Un vote très majoritaire, un seul opposant
Le scrutin a traduit un large consensus international autour de cette initiative africaine.  Seuls les États-Unis ont voté contre ; six pays se sont abstenus (Estonie, Géorgie, Lituanie, Moldavie, Serbie, Ukraine).  Washington, traditionnellement attaché à l’usage de Mercator dans de nombreux supports éducatifs et médiatiques, n’a pas détaillé publiquement sa position dans le cadre de ce vote, mais son opposition isole symboliquement la première puissance mondiale sur un dossier où l’Afrique et le Sud global portent l’agenda.
Des effets concrets attendus… à moyen terme
La résolution n’étant pas contraignante, son impact dépendra de son appropriation par les États, les organisations internationales, les éditeurs de manuels scolaires, les médias et les géants de la cartographie numérique.  L’ONU invite explicitement les principaux fournisseurs de cartes en ligne à engager des discussions avec les gouvernements pour adopter des représentations plus exactes lorsque la comparaison des tailles est pertinente.  Dans les faits, on peut s’attendre à ce que de nouvelles cartes Equal Earth apparaissent progressivement dans les publications onusiennes, les rapports internationaux, certains manuels scolaires et des supports de communication publique, en particulier en Afrique et en Europe.

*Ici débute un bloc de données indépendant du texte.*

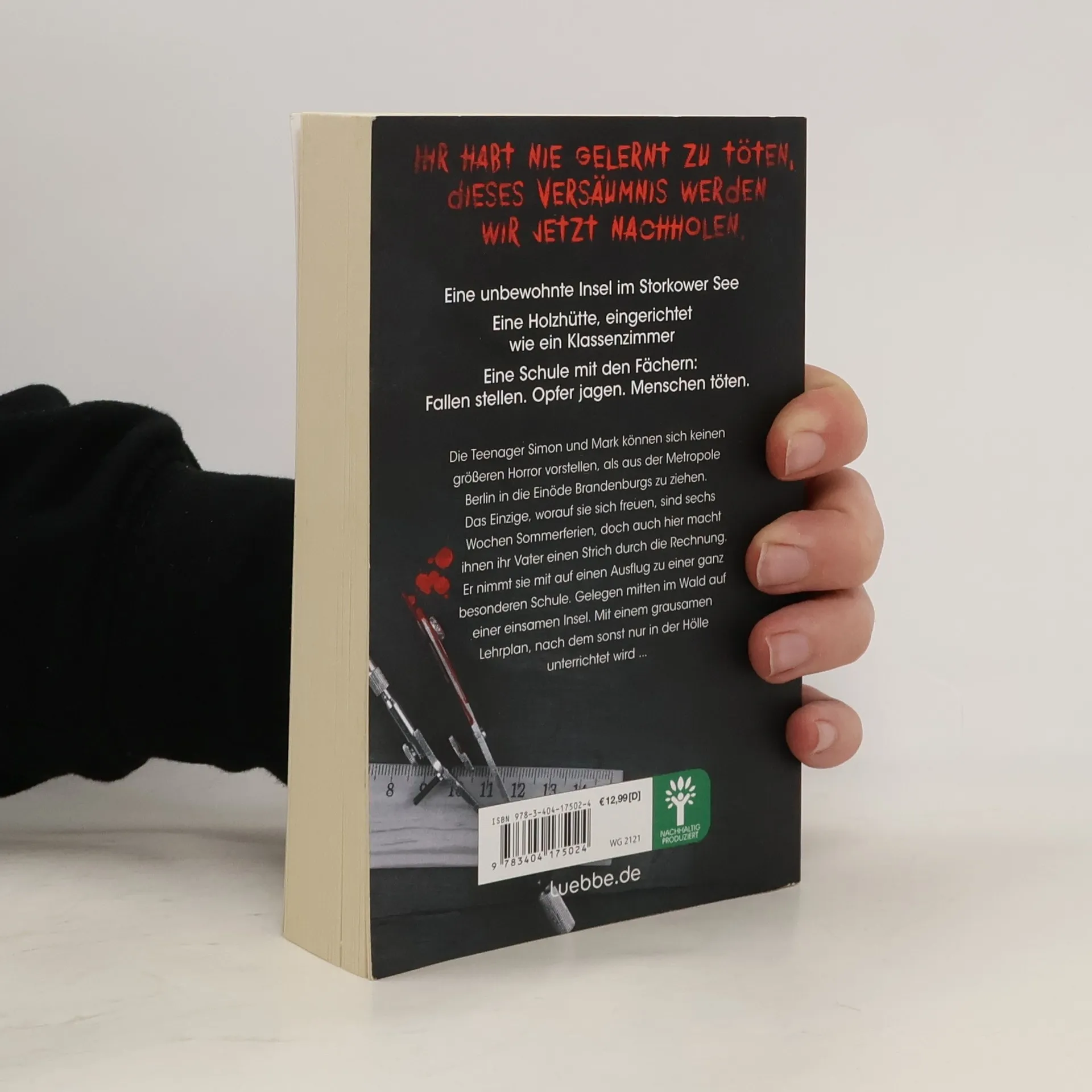 Eine unbewohnte Insel im Storkower See Eine Holzhütte, eingerichtet wie ein Klassenzimmer Eine Schule mit den Fächern: Fallen stellen. Opfer jagen. Menschen töten. Die Teenager Simon und Mark können sich keinen größeren Horror vorstellen, als aus der Metropole Berlin in die Einöde Brandenburgs zu ziehen. Das Einzige, worauf sie sich freuen, sind sechs Wochen Sommerferien, doch auch hier macht ihnen ihr Vater einen Strich durch die Rechnung. Er nimmt sie mit auf einen Ausflug zu einer ganz besonderen Schule. Gelegen mitten im Wald auf einer einsamen Insel. Mit einem grausamen Lehrplan, nach dem sonst nur in der Hölle unterrichtet wird ...

Reste que la projection de Mercator, profondément ancrée dans l’imaginaire collectif, ne disparaîtra pas du jour au lendemain.  La résolution vise surtout à briser le monopole visuel d’une carte conçue pour les marins du XVIe siècle et à ouvrir l’espace médiatique et éducatif à des représentations qui ne minimisent plus systématiquement l’Afrique et le Sud.  Sur l’échiquier politique mondial, ce n’est pas un changement de frontières, mais un déplacement des lignes de perception : une manière de rappeler que la géographie, elle aussi, se joue sur le terrain des représentations.